By Bill Bransford
August 15th, 2010 | Uncategorized
A perplexing challenge for a federal manager is figuring out whether a problem employee should be handled through the performance or misconduct adverse action systems. Each system has different standards and requirements. To some managers this looks like a legal trap: Make a misstep and the problem employee is empowered, and the manager is paralyzed in dealing with that employee in the future.
This is really not true. Congress has given federal managers both tools, and the U.S. Court of Appeals for the Federal Circuit has ruled that managers are free to use either system. Both tools work, but one may work better than the other depending on the situation.
Let’s take an example of a problem employee we will call Jim. Jim’s job requires him to coordinate projects with other agencies and with the public. Jim’s projects often run behind schedule. Jim also is rude to his counterparts in other agencies and to members of the public. Is this performance or conduct? It could be either.
Since Jim’s job requires him to coordinate projects and deal effectively with others, he should have at least two critical elements in his performance plan, one dealing with coordinating projects and the other setting expectations on interpersonal skills. When Jim has been on his performance plan for at least 90 days, or longer if an agency’s performance system requires it, Jim’s manager can evaluate Jim’s performance as unacceptable and put Jim on a performance improvement plan (PIP). If Jim’s unacceptable performance continues, his supervisor can propose removal or demotion under the performance adverse action system. Jim’s appeal to the Merit Systems Protection Board (MSPB) or an arbitrator will be judged by an evidentiary standard that is favorable to the agency. This is called a performance case.

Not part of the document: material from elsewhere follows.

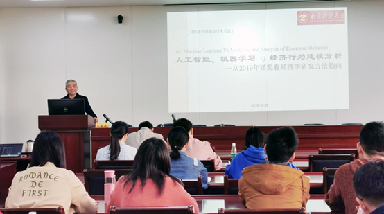 10月29日,中国社会科学院数量经济技术经济研究所王国成研究员在我校仙林校区德经楼307会议室作了题为“人工智能、机器学习与经济行为建模分析——从2019年诺奖看经济学研究方法趋向”的报告。报告由我院统计学学科带头人白先春教授主持,韩中副教授、孙瑞博副教授、周宁副教授、康宁副教授、詹鹏博士等中青年教师和部分研究生参加了讨论。

Jim’s behavior may also be considered misconduct because it affects the efficiency of the service. Efficiency of the service is the statutory standard that managers must use in disciplining employees using the misconduct system. If the case goes before MSPB or an arbitrator, Jim’s supervisor must show a relationship between the efficiency of the service and Jim’s failure to coordinate projects and have a good attitude. Jim’s behavior need only be proved by a preponderance of the evidence, so Jim’s supervisor has to show that it is more likely true than not that Jim’s failure to coordinate projects and his bad attitude occurred. Usually, the supervisor’s testimony and contemporaneous documentation are sufficient.
In the example of Jim, either the performance or misconduct system works because Jim’s misconduct relates specifically to a performance standard. So, it really does not matter whether it is called performance or misconduct. What matters is whether the legal requirements of either system have been met.
A misconduct case must be proved by a preponderance of the evidence and must show some relationship to the efficiency of the service. The so-called “Douglas factors” — such as seriousness of the offense, past record, notoriety, similarity with penalty received by others — apply. An MSPB judge or arbitrator may review the appropriateness of a penalty. Essentially, this means that minor misconduct is grounds for removal only if it is repeated. A misconduct case can be taken without consideration of how long ago the misconduct occurred.
A performance case must be based on performance that occurred within the past year and was repeated after notice and placement on a PIP. Failure to perform must relate to failure to meet a performance standard, as opposed to efficiency of the service in a misconduct case.
The agency need only prove a performance case by substantial evidence, a lower burden of proof than the preponderance of the evidence needed in a misconduct case.